■ PROBLEM ■
Every entry that follows is to be duplicated exactly.

■ DATA FOR ANALYSIS ■
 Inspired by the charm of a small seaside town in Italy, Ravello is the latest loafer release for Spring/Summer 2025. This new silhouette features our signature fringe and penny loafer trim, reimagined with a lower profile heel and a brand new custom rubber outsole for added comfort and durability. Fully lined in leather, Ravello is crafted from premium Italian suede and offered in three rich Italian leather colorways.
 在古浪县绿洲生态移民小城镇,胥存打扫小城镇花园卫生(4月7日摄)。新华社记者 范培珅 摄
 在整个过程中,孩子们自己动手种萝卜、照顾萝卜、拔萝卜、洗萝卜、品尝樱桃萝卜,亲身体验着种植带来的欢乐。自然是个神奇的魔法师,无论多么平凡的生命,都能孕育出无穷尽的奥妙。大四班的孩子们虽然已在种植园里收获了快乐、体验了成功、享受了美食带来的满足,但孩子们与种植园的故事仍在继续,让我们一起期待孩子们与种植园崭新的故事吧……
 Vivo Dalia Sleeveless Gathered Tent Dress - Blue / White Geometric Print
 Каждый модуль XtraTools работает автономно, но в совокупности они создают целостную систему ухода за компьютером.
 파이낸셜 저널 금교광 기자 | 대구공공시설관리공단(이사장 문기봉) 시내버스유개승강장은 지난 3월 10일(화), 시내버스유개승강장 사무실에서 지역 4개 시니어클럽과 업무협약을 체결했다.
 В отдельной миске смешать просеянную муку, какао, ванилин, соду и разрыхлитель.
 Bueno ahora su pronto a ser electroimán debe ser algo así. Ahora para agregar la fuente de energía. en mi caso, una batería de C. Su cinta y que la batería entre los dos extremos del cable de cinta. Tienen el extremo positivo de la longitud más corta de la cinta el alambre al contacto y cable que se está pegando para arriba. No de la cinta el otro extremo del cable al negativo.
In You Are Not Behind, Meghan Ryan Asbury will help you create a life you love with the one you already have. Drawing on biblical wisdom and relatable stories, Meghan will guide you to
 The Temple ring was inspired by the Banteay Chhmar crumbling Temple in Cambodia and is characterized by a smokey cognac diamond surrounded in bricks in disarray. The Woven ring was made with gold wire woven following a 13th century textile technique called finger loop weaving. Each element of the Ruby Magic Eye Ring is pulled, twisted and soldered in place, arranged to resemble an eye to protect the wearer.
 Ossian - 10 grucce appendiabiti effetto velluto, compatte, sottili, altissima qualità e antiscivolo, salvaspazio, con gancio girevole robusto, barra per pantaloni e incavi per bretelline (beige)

■ ANSWER BOX ■
 Inspired by the charm of a small seaside town in Italy, Ravello is the latest loafer release for Spring/Summer 2025. This new silhouette features our signature fringe and penny loafer trim, reimagined with a lower profile heel and a brand new custom rubber outsole for added comfort and durability. Fully lined in leather, Ravello is crafted from premium Italian suede and offered in three rich Italian leather colorways.
 在古浪县绿洲生态移民小城镇,胥存打扫小城镇花园卫生(4月7日摄)。新华社记者 范培珅 摄
 在整个过程中,孩子们自己动手种萝卜、照顾萝卜、拔萝卜、洗萝卜、品尝樱桃萝卜,亲身体验着种植带来的欢乐。自然是个神奇的魔法师,无论多么平凡的生命,都能孕育出无穷尽的奥妙。大四班的孩子们虽然已在种植园里收获了快乐、体验了成功、享受了美食带来的满足,但孩子们与种植园的故事仍在继续,让我们一起期待孩子们与种植园崭新的故事吧……
 Vivo Dalia Sleeveless Gathered Tent Dress - Blue / White Geometric Print
 Каждый модуль XtraTools работает автономно, но в совокупности они создают целостную систему ухода за компьютером.
 파이낸셜 저널 금교광 기자 | 대구공공시설관리공단(이사장 문기봉) 시내버스유개승강장은 지난 3월 10일(화), 시내버스유개승강장 사무실에서 지역 4개 시니어클럽과 업무협약을 체결했다.
 В отдельной миске смешать просеянную муку, какао, ванилин, соду и разрыхлитель.
 Bueno ahora su pronto a ser electroimán debe ser algo así. Ahora para agregar la fuente de energía. en mi caso, una batería de C. Su cinta y que la batería entre los dos extremos del cable de cinta. Tienen el extremo positivo de la longitud más corta de la cinta el alambre al contacto y cable que se está pegando para arriba. No de la cinta el otro extremo del cable al negativo.
In You Are Not Behind, Meghan Ryan Asbury will help you create a life you love with the one you already have. Drawing on biblical wisdom and relatable stories, Meghan will guide you to
 The Temple ring was inspired by the Banteay Chhmar crumbling Temple in Cambodia and is characterized by a smokey cognac diamond surrounded in bricks in disarray. The Woven ring was made with gold wire woven following a 13th century textile technique called finger loop weaving. Each element of the Ruby Magic Eye Ring is pulled, twisted and soldered in place, arranged to resemble an eye to protect the wearer.
 Ossian - 10 grucce appendiabiti effetto velluto, compatte, sottili, altissima qualità e antiscivolo, salvaspazio, con gancio girevole robusto, barra per pantaloni e incavi per bretelline (beige)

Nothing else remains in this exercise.